Shedding new light on breast cancer metastasis

A new study by researchers at Fred Hutchinson Cancer Research Center and Johns Hopkins Medical Institute, published in PNAS Early Edition, confirmed that clusters of cancer cells indeed travel together throughout all stages of metastasis. The study also identified the molecular signatures unique to these highly aggressive, roaming tumor clumps, such as the fact that each are led by a gang member that's fueled by a type of cellular kryptonite: a highly expressed protein called keratin 14.

Ultimately, the findings may not only provide new insights into metastasis but also may point to potential drug targets to prevent or slow the deadly process, according to first and co-corresponding author Dr. Kevin Cheung, an assistant member of the Public Health Sciences Division at Fred Hutch. He began the research while working as a postdoctoral researcher and medical oncology fellow in the laboratory of Dr. Andrew Ewald, an associate professor in the Department of Cell Biology at Johns Hopkins, who is co-corresponding and senior author of the paper.

For the study, the researchers relied on a mouse model of breast cancer that spontaneously migrated to the lungs. Using a multicolor lineage tracing assay, they found that cancer cells not only travel together from the beginning to the end of their journey throughout the body, but they need to stick together to survive.

"It's a team game the whole way through," Cheung said. "This gang of thugs breaks off at the primary site, gets into the bloodstream and then sets up shop in distant organs." Cheung and colleagues also found that by breaking up the gangs into individual cells, they died. "Gangs have a much better ability to metastasize than single cells," he said.

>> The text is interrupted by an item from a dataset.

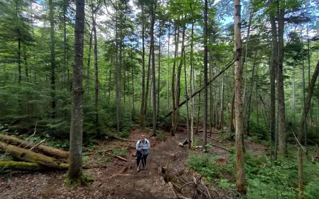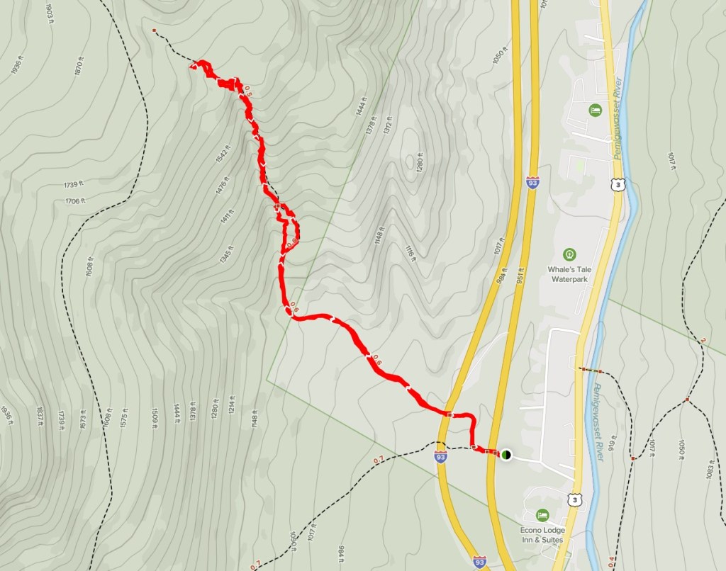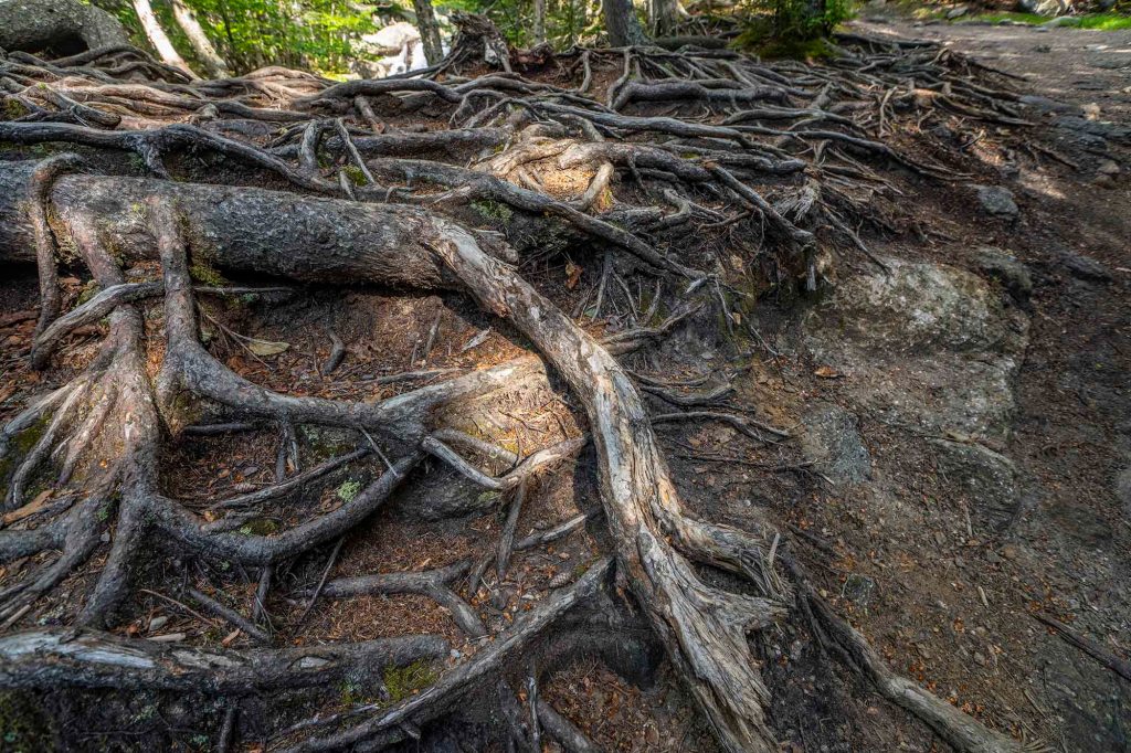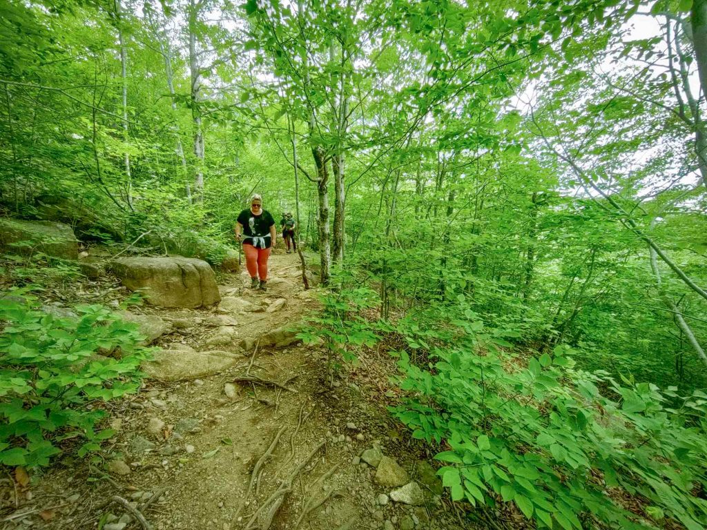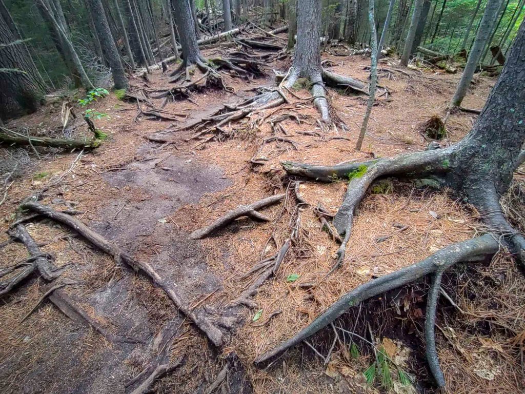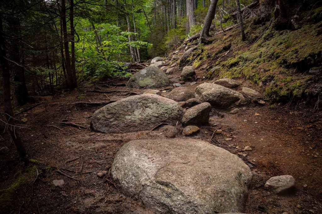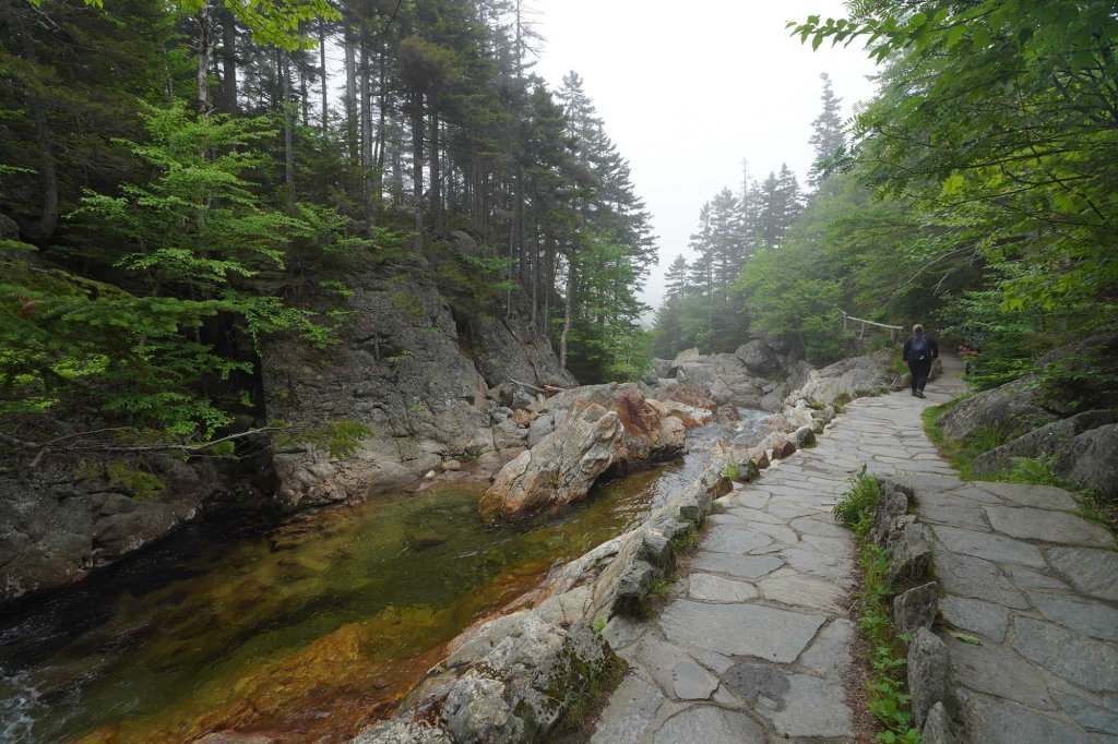Wychodzi on z olbrzymiego parkingu przy Joe Dodge Lodge/Pinkham Notch Visitor Center i szeroką leśną pełną stercząccyh korzeni ścieżką (wzdłuż rzeki Cutler) prowadzi nas stopniowo do góry.

Through RNA sequencing to understand which genes were expressed in these cells, the researchers also found that the gangs had changes in the expression of genes encoding for three different protein complexes: • Higher expression of desmosome genes, which could allow the cells to easily stick to each other. "Think of it as a molecular rivet," Cheung said. • Higher expression of hemi-desmosome genes, which could make gangs adept at grabbing on to their surrounding microenvironment -- such as latching on to a vein near the liver. • Lower expression of genes involved in antigen presentation that could allow the thugs to evade the body's immune system -- specifically, T cells. Further work is needed to directly test the consequences of these genetic changes, Cheung said. We need to do more studies to test these hypotheses and, ultimately, push these findings forward to develop new therapies for metastatic breast cancer.

"Of all stages of breast cancer, metastasis remains the hardest to treat," he continued. "If you think of this study as a roadmap, then the work in my laboratory is now directed at creating the battle plan to combat this challenge."

According to the Metastatic Breast Cancer Network, the number of people living with metastatic breast cancer in the U.S. is estimated to be more than 155,000. About 6 to 10 percent of new breast cancer cases are initially diagnosed at Stage 4, and an estimated 20 to 30 percent of all breast cancer cases will become metastatic. About 40,000 people die of metastatic breast cancer each year in the U.S., and late-stage breast cancer receives less than 5 percent of research funding compared to all cancers combined.